» **Exercise inputs**:
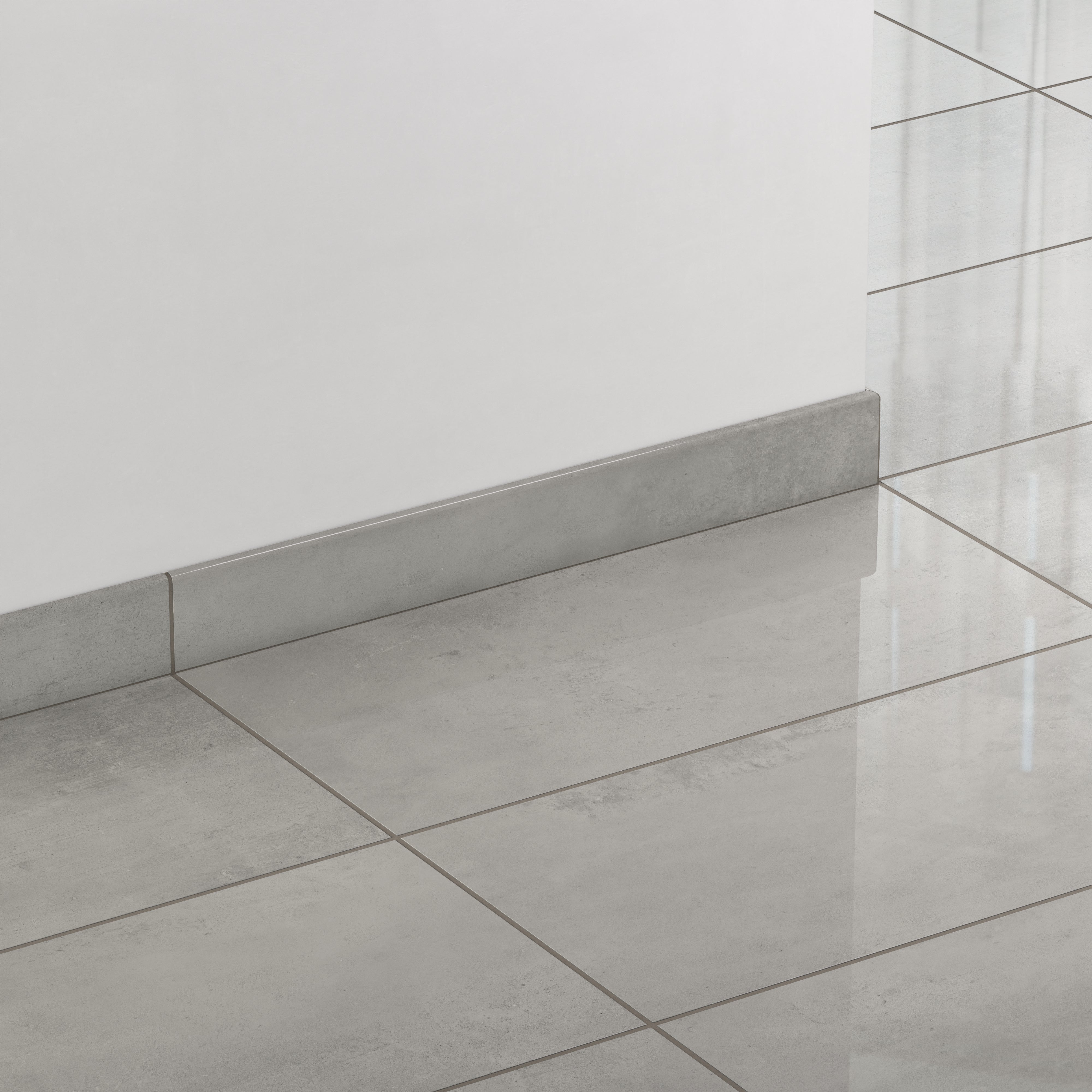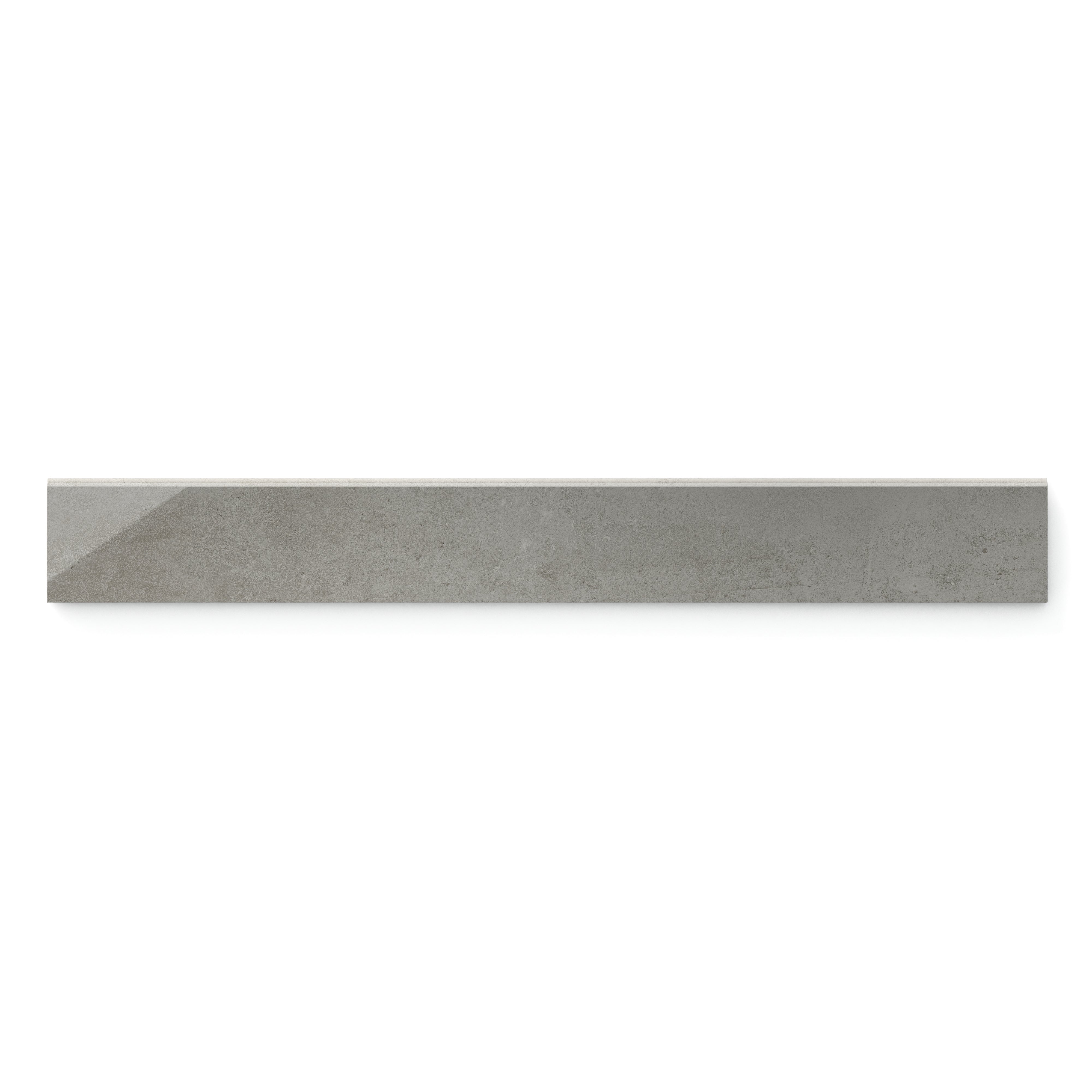 Featuring the same industrial-inspired aesthetic as the collection’s field tiles, our Ramsey 3x24 Polished Porcelain Bullnose Tile in Ash creates a smooth, light-reflecting finish along exposed edges, corners, and wall terminations with its mid-gray shade with rich earthy undertones and concrete-inspired textures.
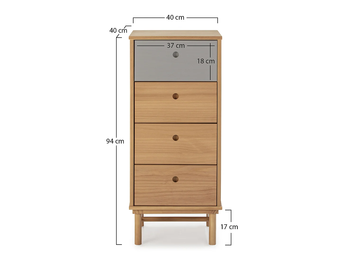 Cassettiera Magnus 4 cassetti, legno massiccio, 40 cm (larghezza) 40 cm (profondità) 94 cm (altezza)
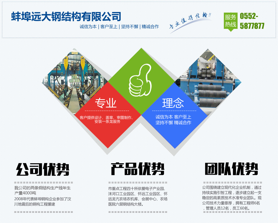 蚌埠遠大鋼結構有限公司注冊成立于2008年,公司位于淮上區拉絲橋北往東五公里力源產業園內交通便利。我公司的2條鋼結構生產線始終處較先地位,年生產量4000噸。占地1.4萬平方米,主要產品為H型鋼、Z型鋼、C型鋼、異型鋼、大型圓管、鋼結構橋梁、桁架、管架、廣告牌、鋼構件、防火夾芯板、彩鋼瓦、彩涂卷、樓承板、中板、長期代理馬鋼、萊鋼、濟鋼、寶鋼等各種鋼材。公司成立以來建設鋼結構上百起,2008年代表蚌埠鋼構企業參加了汶川地震后的鋼構工程援建,現公司參與了國家重點工程定遠華塑集團、省重點工程嘉年華游樂園、蚌埠義烏商貿城。市重點工程四十所依愛電子產業園、沫河口工業園區、懷遠工業園區、懷遠龍亢農場農機庫、會展中心、農場醫院六層鋼結構大樓。銅陵工業園區,鳳陽工業園區內大型鋼結構建設。為安徽省鋼結構事業做出了優質貢獻。   人才興企,鑄就品牌。自成立以來,公司圍繞建立現代化企業機制,通過持續實施引...
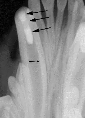 Seven years after initial treatment, the patient presented with an oblique complicated crown/root fracture of 404, which was of unknown etiology and duration. A complicated fracture is one that involves the root canal system of the tooth. The fracture extended under the gingival margin in an oblique fashion and the root canal could be clearly seen in the fracture site. Figure three shows the initial radiograph. Due to the geometry of the radiograph, the oblique nature of the fracture is not readily apparent.
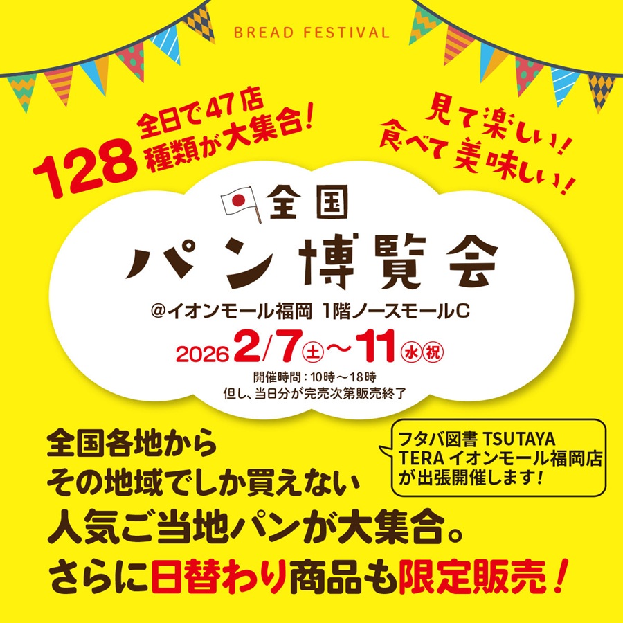 手に取って全国のご当地パンが購入できるチャンス。ぜひご来店お待ちしております。 日 程:2月7日(土)~2月11日(水・祝) 時 間:10:00~18:00 ※但し、当日分が完売次第販売終了 場 所:イオンモール福岡1FノールモールC 問合せ:フタバ図書 TSUTAYA TERAイオンモール福岡店【TEL 092-939-7200】
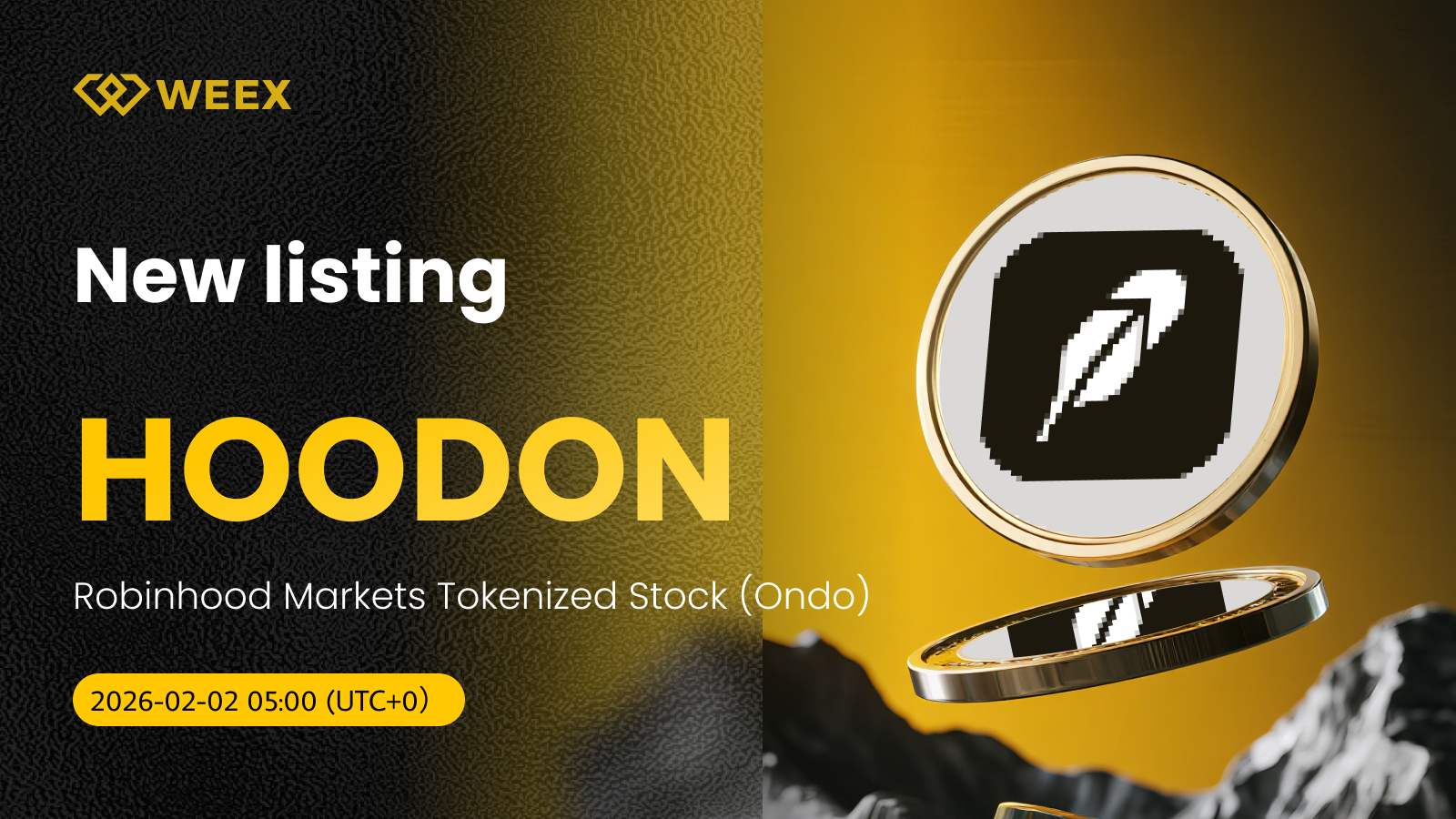 Robinhood Markets Tokenized Stock (Ondo) (HOODON) agora disponível na WEEX!

» **How to complete this task**: Only the lines from the top of the material through the line containing "Cassettiera Magnus 4" should be written out, exactly and without pictures.

» **Answer to the problem**:
 Featuring the same industrial-inspired aesthetic as the collection’s field tiles, our Ramsey 3x24 Polished Porcelain Bullnose Tile in Ash creates a smooth, light-reflecting finish along exposed edges, corners, and wall terminations with its mid-gray shade with rich earthy undertones and concrete-inspired textures.
 Cassettiera Magnus 4 cassetti, legno massiccio, 40 cm (larghezza) 40 cm (profondità) 94 cm (altezza)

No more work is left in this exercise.